> **Task**: In the data below, find the line containing "Schmilz den Butter", then set down that line and every later line up to and including the line containing "Pistola Escáner de Código de arras 2D ZKB201", exactly.

> **Data supplied**:
= = = =

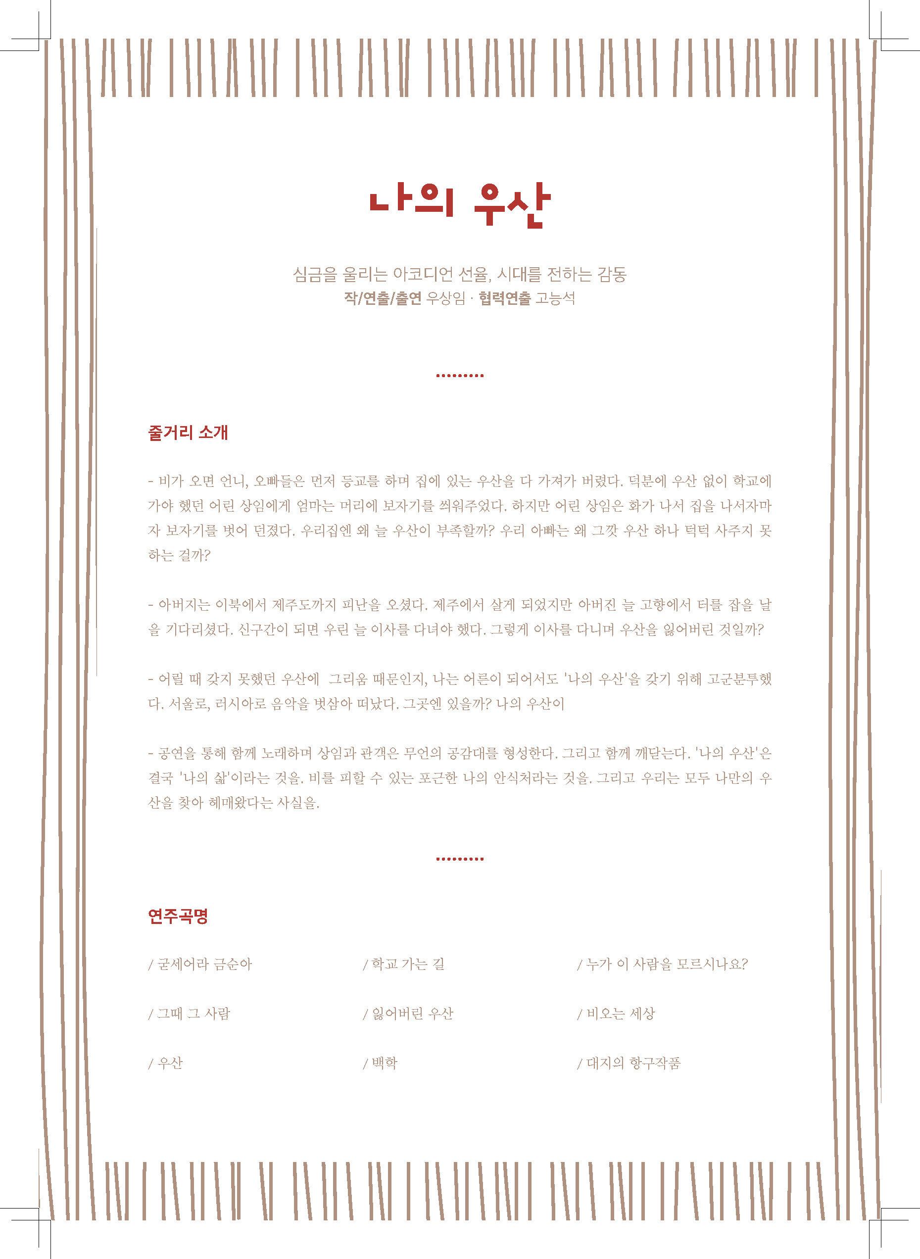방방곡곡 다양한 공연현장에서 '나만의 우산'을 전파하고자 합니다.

= = = =

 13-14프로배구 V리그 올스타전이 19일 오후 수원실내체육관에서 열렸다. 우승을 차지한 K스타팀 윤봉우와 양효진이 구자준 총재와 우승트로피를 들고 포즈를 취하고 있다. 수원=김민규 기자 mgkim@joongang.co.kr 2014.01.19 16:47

= = = =

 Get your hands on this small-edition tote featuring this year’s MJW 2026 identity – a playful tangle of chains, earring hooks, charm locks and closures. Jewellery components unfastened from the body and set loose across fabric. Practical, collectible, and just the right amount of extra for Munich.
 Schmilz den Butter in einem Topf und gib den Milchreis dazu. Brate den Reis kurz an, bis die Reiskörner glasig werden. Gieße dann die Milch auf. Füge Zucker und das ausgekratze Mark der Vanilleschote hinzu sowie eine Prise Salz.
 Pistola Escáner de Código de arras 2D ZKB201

= = = =

> **Solution**:
 Schmilz den Butter in einem Topf und gib den Milchreis dazu. Brate den Reis kurz an, bis die Reiskörner glasig werden. Gieße dann die Milch auf. Füge Zucker und das ausgekratze Mark der Vanilleschote hinzu sowie eine Prise Salz.
 Pistola Escáner de Código de arras 2D ZKB201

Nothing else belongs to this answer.